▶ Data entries
※ ※ ※

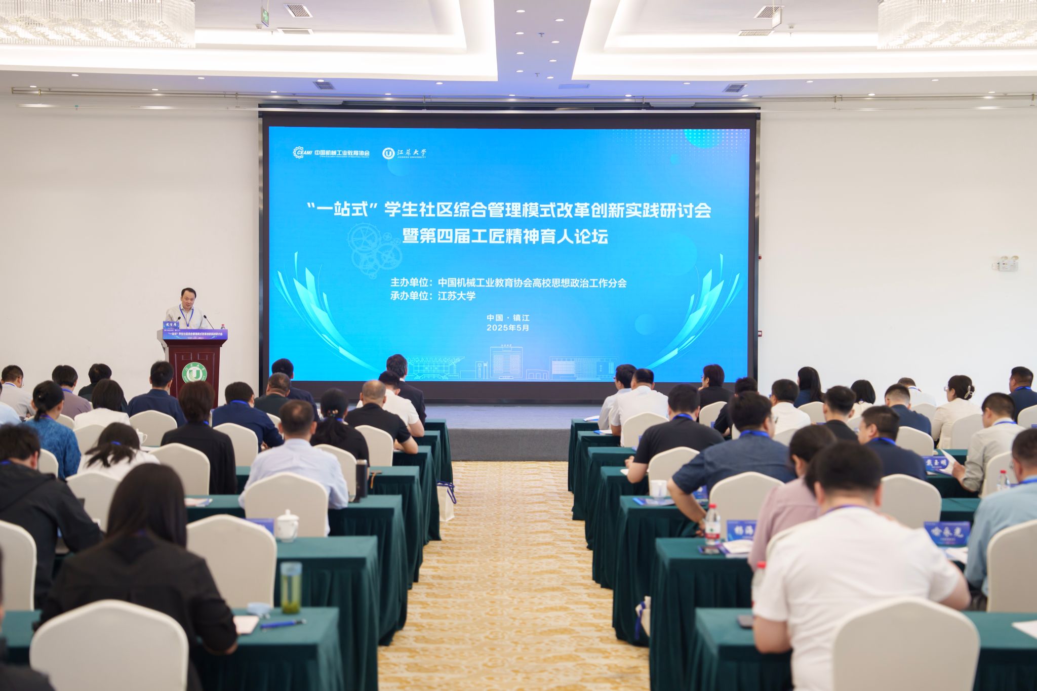 5月18日,由中国机械工业教育协会高校思想政治工作分会主办、beat365中文官方网站承办的“一站式”学生社区综合管理模式改革创新实践研讨会暨第四届工匠精神育人论坛在beat365官网举办。来自南京大学、吉林大学、东南大学、合肥工业大学、北京工商大学、北京信息科技大学、沈阳工业大学、哈尔滨理工大学、燕山大学等全国43所高校的专家和思政教育工作者齐聚江大,共同研讨高校学生社区综合管理模式的创新路径与社区育人新思路。
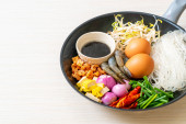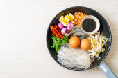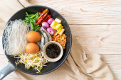 Zupa z owoców morza, makaron i warzyw w biały talerz
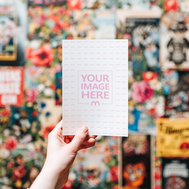 Poster Mockup Held by Hand Against Artistic Poster Wall preview image
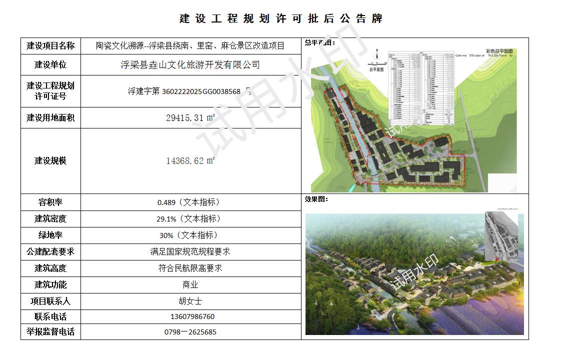 建设工程规划许可批后公告牌(陶瓷文化溯源--浮梁县绕南、里窑、麻仓景区改造项目)
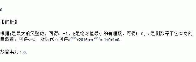 如果m是最大的负整数,n是绝对值最小的有理数,c是倒数等于它本身的自然数,那么代数式m2015+2016n+c2017的值为

※ ※ ※

▶ Brief
Every line from the one containing "建设工程规划许可批后公告牌(陶瓷文化溯源" through the last line of the data, both included, is to be repeated exactly; the pictures are to be left out.

▶ Output of the task
 建设工程规划许可批后公告牌(陶瓷文化溯源--浮梁县绕南、里窑、麻仓景区改造项目)
 如果m是最大的负整数,n是绝对值最小的有理数,c是倒数等于它本身的自然数,那么代数式m2015+2016n+c2017的值为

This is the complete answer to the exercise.